What can be experimented with is a simple categorical encoding, wherein each unique entry is assigned it's own number. Pandas does with relative ease by assigning desired object columns to a category dtype

In [None]:
tictactoe.dtypes

In [None]:
tictactoe=tictactoe.apply(lambda x: x.cat.codes if x.dtype.name == 'category' else x)

In [None]:
tictactoe.dtypes

### It is shown that each categorical column has its unique values

In [None]:
tictactoe.head()

### By counting the number of positive and negative we can see that the datasets has more number of postive than negative values hence it is unbalanced

In [None]:
tictactoe['Class'].value_counts()

### The solution to make the dataset balanced is using stratified sampling.Stratified sampling is a sampling method where the researcher divides the population into separate groups which is called strata then a probability sample is drawn from each group.

In [None]:
def stratify_sample(df, col, samples):
    n = min(samples, df[col].value_counts().min())
    df_ = df.groupby(col).apply(lambda x: x.sample(n))
    df_.index = df_.index.droplevel(0)
    return df_

In [None]:
tictactoe_stratified=stratify_sample(tictactoe, 'Class', 1000)

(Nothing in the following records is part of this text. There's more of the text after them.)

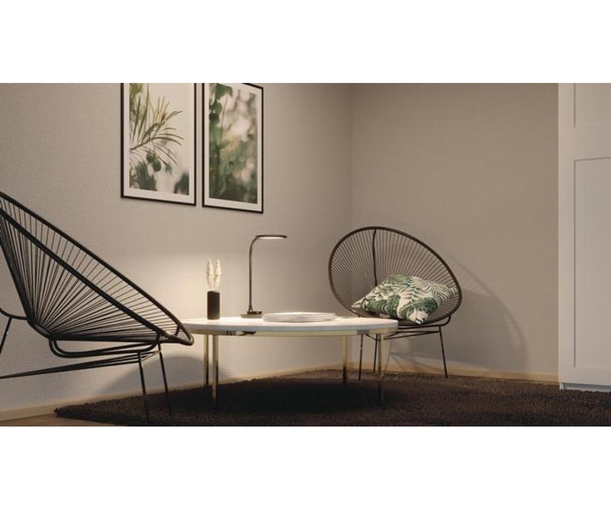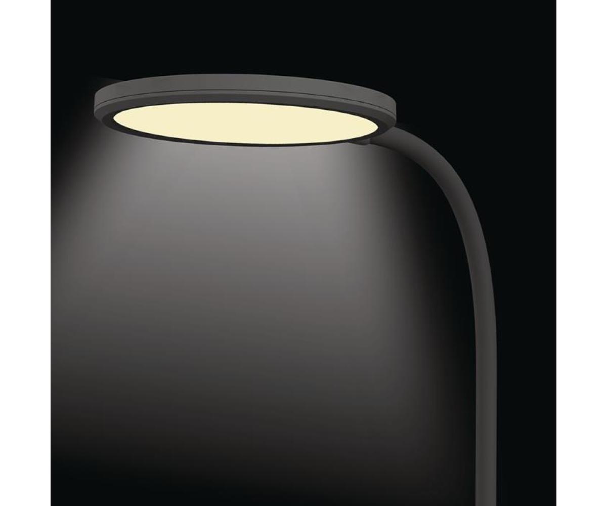 ABS/Silikon · mit Standfuß und zur Wandmontage geeignet · 3-Stufen-Dimmer · mit flexiblem Schwanenhalsarm · Armlänge 300 mm - Höhe 390 mm · Lichtfarbe 2.800 – 5.700Kelvin – warmweiß - tageslichtweiß · Lichtstrom 530 Lumen · Lebensdauer 30.000 Stunden · Effizienzklasse F (Spektrum A bis G) · gewichteter Energieverbrauch 9kWh/1000h · diese Leuchte enthält eingebaute LED-Lampen · die Lampen können nicht ausgetauscht werden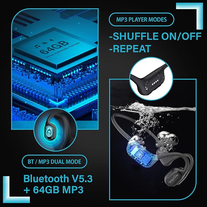 Bone Conduction Swimming Headphones with Bluetooth & 64GB MP3 Player, Shuffle & Repeat, IP68 Waterproof, Secure Fit for Workouts, Running, Cycling and Swimming, Microphone for Hands-free Calls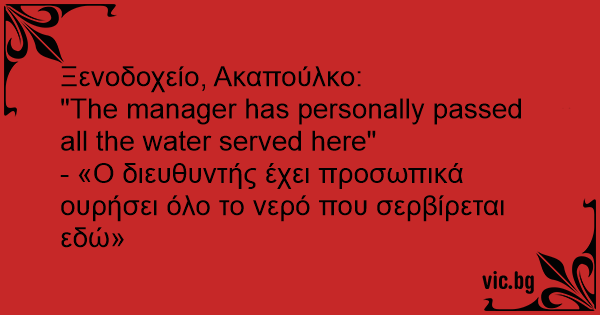 - «Ο διευθυντής έχει προσωπικά ουρήσει όλο το νερό που σερβίρεται εδώ»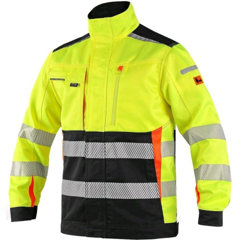 Modern és divatos megjelenésű láthatósági munkakabát, kontrasztos fekete és narancssárga kiegészítő elemekkel ellátva. A kabáton szegmentált fényvisszaverő csíkok találhatóak, amelyek jobban bírják a gyűrődését az anyagnak. Tartósság fokozása érdekében CO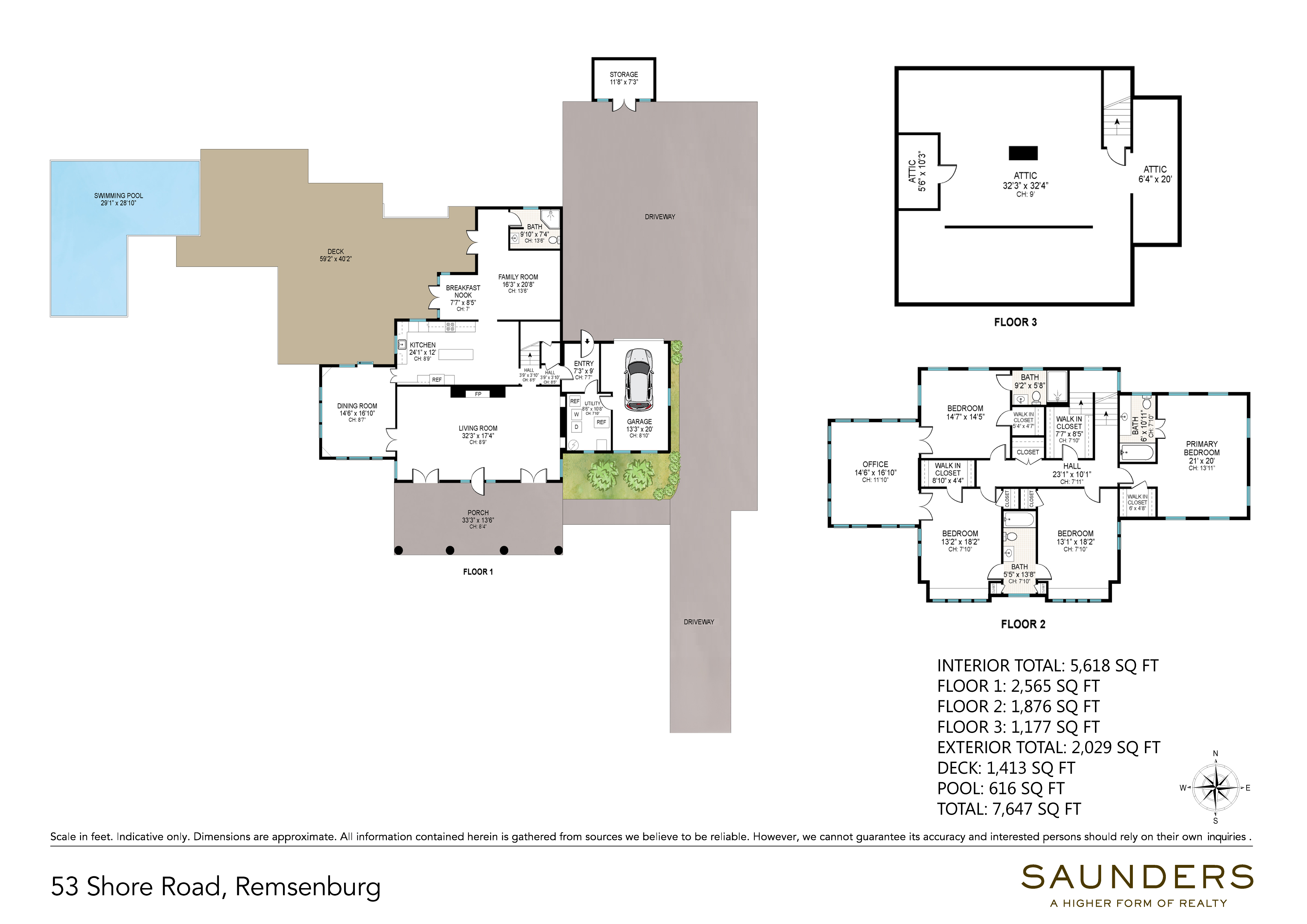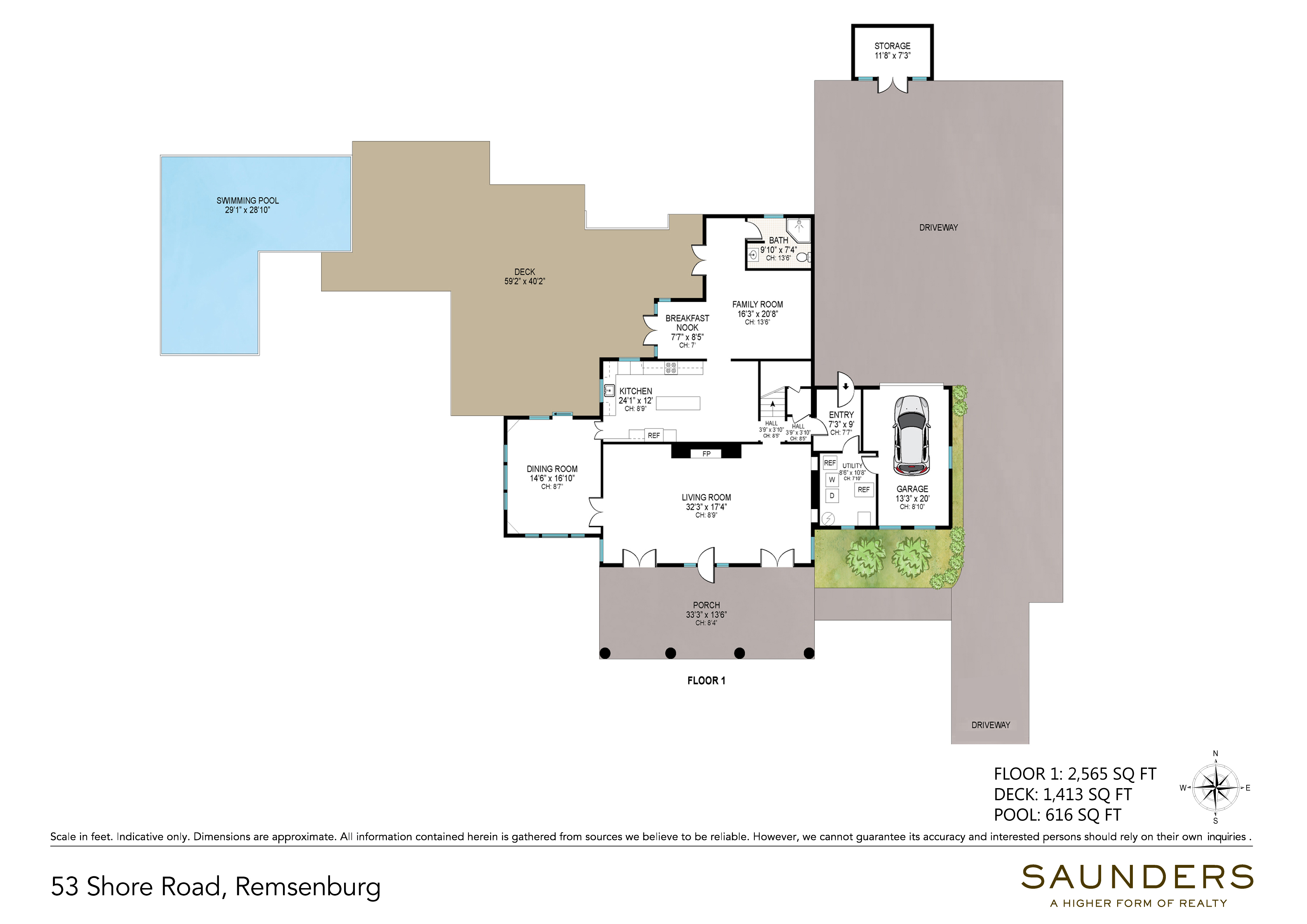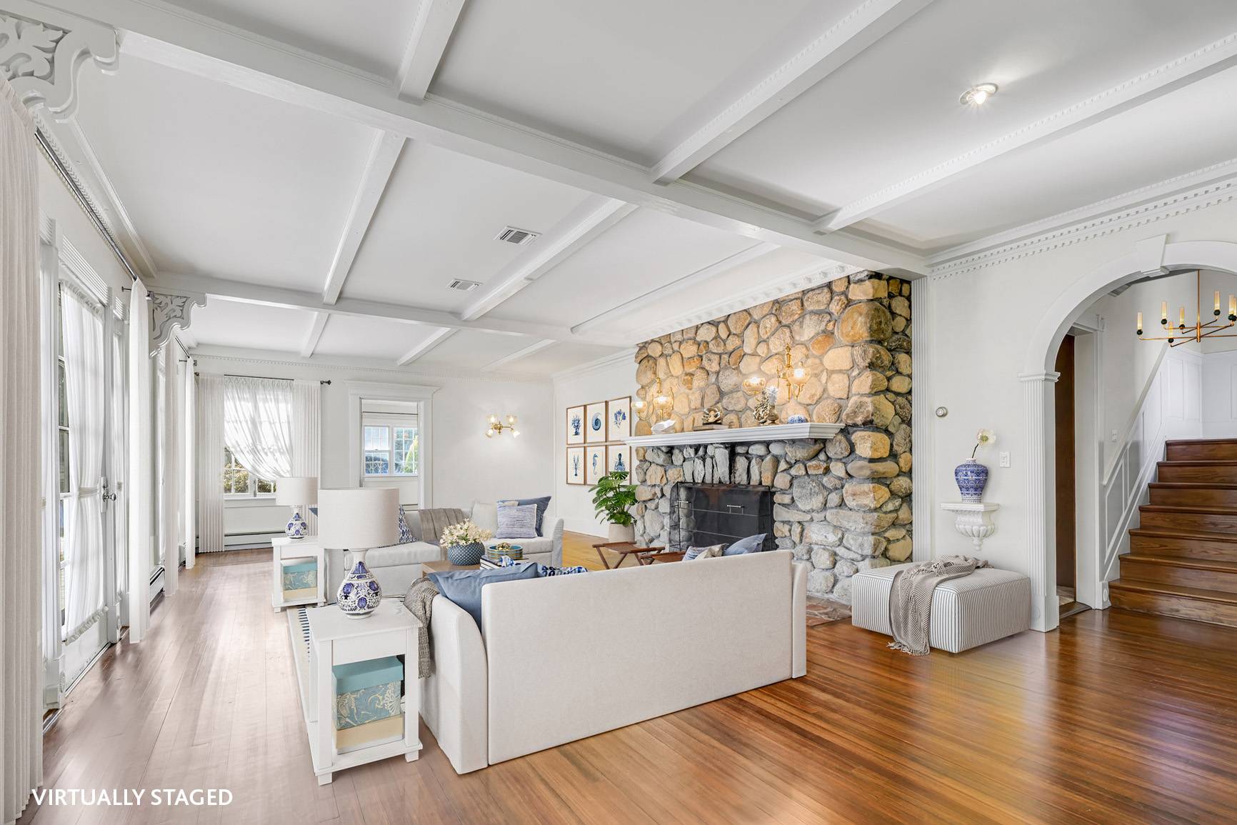 Tucked away behind gated privet hedges lies 53 Shore Road, a stately property that harkens back to a more genteel time when spending lazy afternoons on a wicker-chair porch and gazing out at the hydrangea and rose-filled gardens was commonplace. Built in 1929, this pristinely maintained Dutch Colonial is sure to be a calming escape from today's hectic pace. The 4,400 +/- sq. ft. home perfectly blends Old World charm with modern amenities throughout. The showstopper is a massive stone fireplace, built from local stone, in the oversized English Country living room. The first floor also boasts a farm country kitchen, large dining room with built-ins, family room with a vaulted ceiling, full bath, and cozy breakfast area. On the second floor you'll enjoy a well-appointed primary suite with vaulted ceiling and ensuite bathroom, two guest bedrooms with shared bath, and fourth bedroom with private bathroom. There's also a large, sun-filled office with a wood vaulted ceiling and built-in desks that easily can accommodate a gym, recreation space, or media room. A third-floor attic provides plenty of storage space. Head outside to enjoy the bay breezes, large deck (with an awning for shade), well-manicured lawn, mature specimen trees and gardens, and heated pool with stadium stairs. Water access for kayaking, swimming, and paddle boarding is down the street, and the property is only a quarter mile to the Westhampton Yacht Squadron. Fun factoid about Shore Road: a nearby home was once owned by playwright/lyricist Guy Bolton, who worked here with Alfred Hitchcock, Cole Porter, P.G. Wodehouse and other Broadway greats. "Anything Goes," "Anastasia," and "Psycho" were just a few of the theatrical hits that were written on this lovely street in the quaint hamlet of Remsenburg.
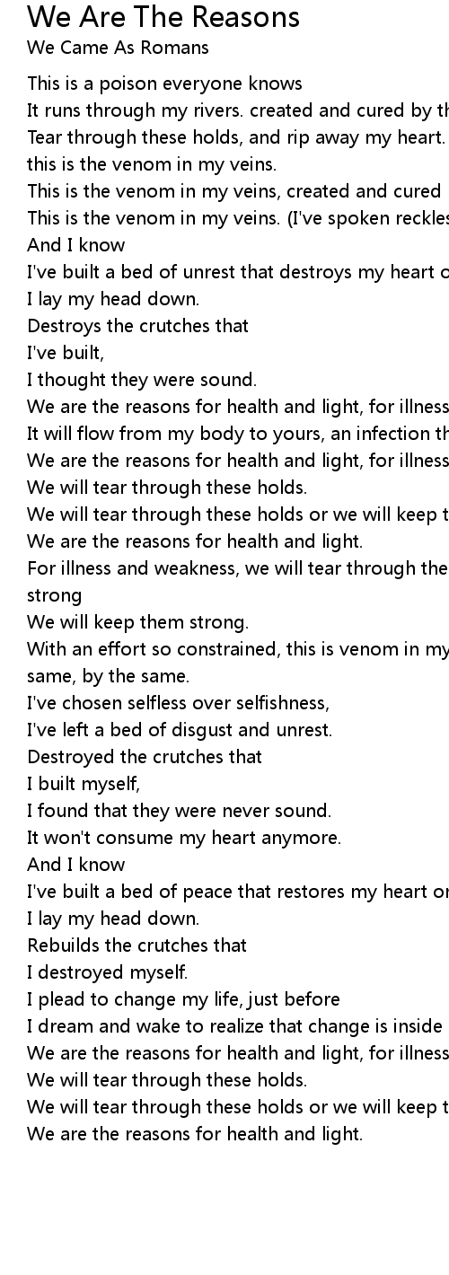 Tear through these holds, and rip away my heart. with an effort so constrained, this is the venom in my veins. |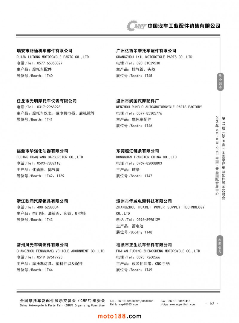 內63 第76屆(2018秋)全國摩托車及配件展示交易會-廣州站參展企業信息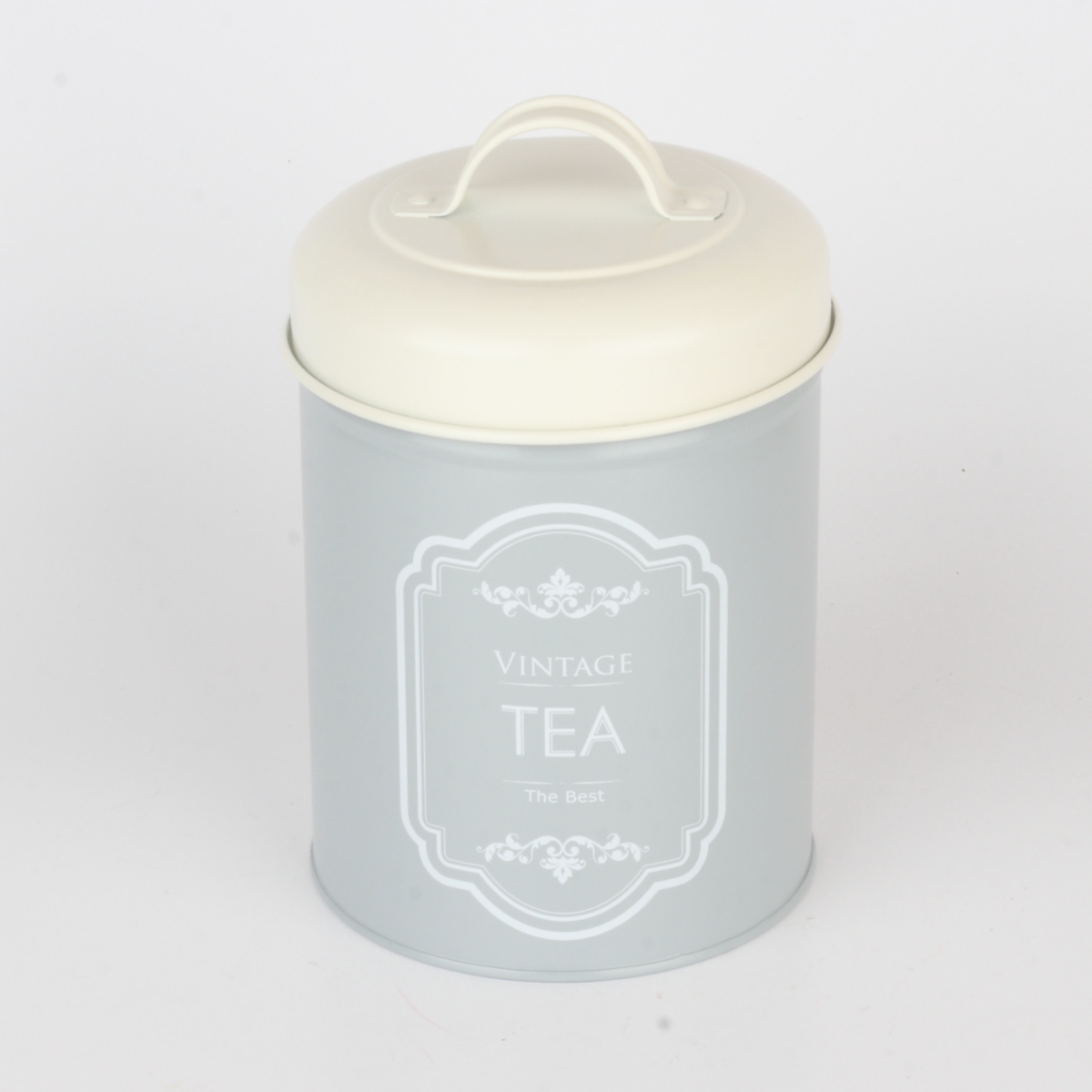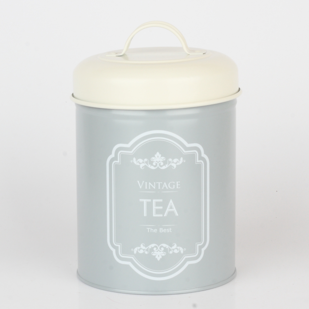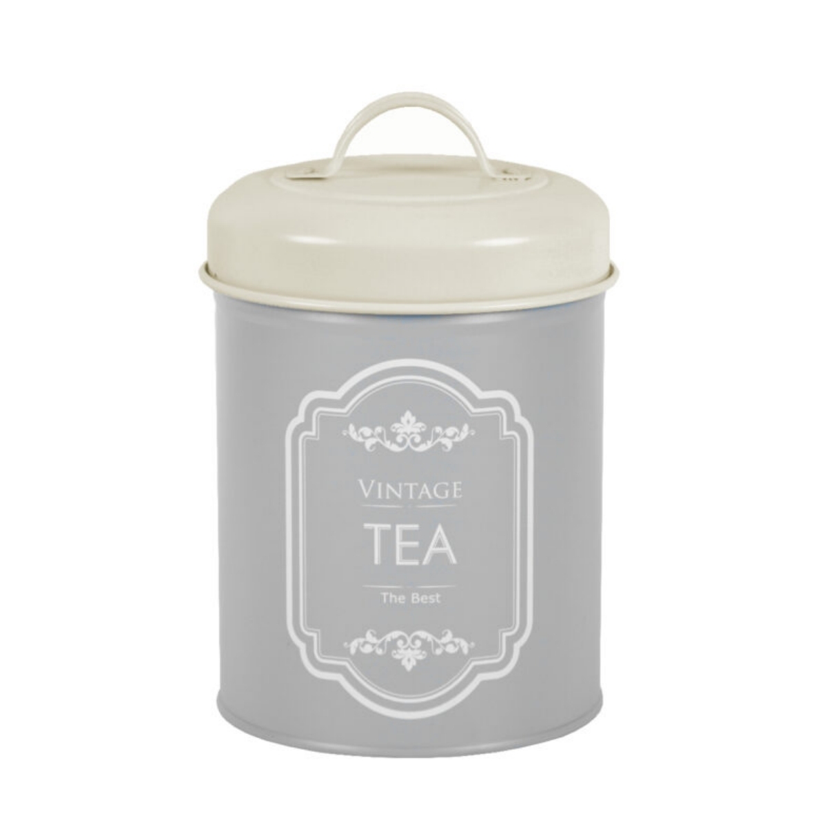 Dóza na čaj šedá VINTAGE 13cm z elegantnej vintage kolekcie kuchynských dóz na potraviny, ktorú si vďaka jej jednoduchosti a decentnosti zamilujete. Kolekcia, ktorá sa hodí snáď do každej kuchyne a dokáže byť nenápadná a napriek tomu neprehliadnuteľná.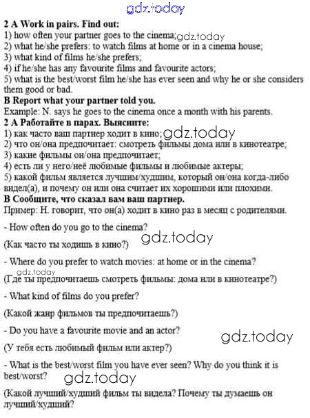 На страницах сайта gdz.today вы найдете учебный и вспомогательный материал, направленный на улучшения знаний школьной программы. ГДЗ - онлайн мир знаний Step 1 Решение к Unit 3. Performing arts: cinema 2 Учебнику по Английскому языку для 8 класса Афанасьева, Михеева Дрофа Rainbow 2016

### After stratified sampling the number of positive and negative is equal which makes the dataset balanced

In [None]:
tictactoe_stratified['Class'].value_counts()

In [None]:
tictactoe_stratified.head()

In [None]:
features=['top-left-square','top-middle-square','top-right-square','middle-left-square','middle-middle-square','middle-right-square','bottom-left-square','bottom-middle-square','bottom-right-square']
Xdata = tictactoe_stratified[features]
Ydata = tictactoe_stratified['Class']

x_train, x_test, y_train, y_test =train_test_split(Xdata,Ydata,train_size=0.8,test_size=0.2,random_state=0)

print('x_train :',x_train.shape)
print('x_test :',x_test.shape)
print('y_train :',y_train.shape)
print('y_test :',y_test.shape)

### Reshaping the data

In [None]:
y_train=y_train.reshape(-1,1)
y_test=y_train.reshape(-1,1)

# Logistic Regression

### Logistic Regression is a method in machine learning for classification problems to output discrete values
### Step length bolddriver algorithm function
The Bold Driver Heuristic makes the assumption that smaller step sizes are needed when closer to the optimum.It adjusts the step size based on the value of f (x) at time t.If the value of f (x) grows, the step size must decrease.If the value of f (x) decreases, the step size can be larger for faster convergence.

In [None]:
def bolddriver(x_train,y_train,beta_hat,lr,mhuplus = 1.1, mhuminus = 0.5):
    
    lr = lr*mhuplus
    contiter = True
    iterations = 0
    
    y_hat=logistic_function(x_train,beta_hat) # The current predicted value of Y
    l_old=log_likelihood(x_train, y_train, beta_hat) 
    
    while contiter:

        grad_beta = (np.dot(np.transpose(x_train), y_train - y_hat))
        beta_hat = beta_hat+learn_rate*(np.dot(np.transpose(x_train), y_train - y_hat))
        

        y_hat=logistic_function(x_train,beta_hat) # The current predicted value of Y
        l=log_likelihood(x_train, y_train, beta_hat)
        
        
        if l - l_old <= 0:
            lr = lr*mhuminus
            iterations += 1
        else:
            return lr
        
        if iterations == 250:
            break
    return lr

In [None]:
def log_likelihood(x, y, beta):
    z = np.dot(x, beta)
    log = np.sum( y*z - np.log(1 + np.exp(z)) )
    return log

def gradient_ascent(X, h, y):
    return np.dot(X.T, y - h)

def logistic_function(X, beta):
    z = x_train.dot(beta)
    return 1 / (1 + np.exp(-z))   

logloss = lambda y,ypred: np.mean((y*np.log(ypred)+(1-y)*np.log(1-ypred)))
cost = lambda y,ypred: np.mean((y - ypred)**2)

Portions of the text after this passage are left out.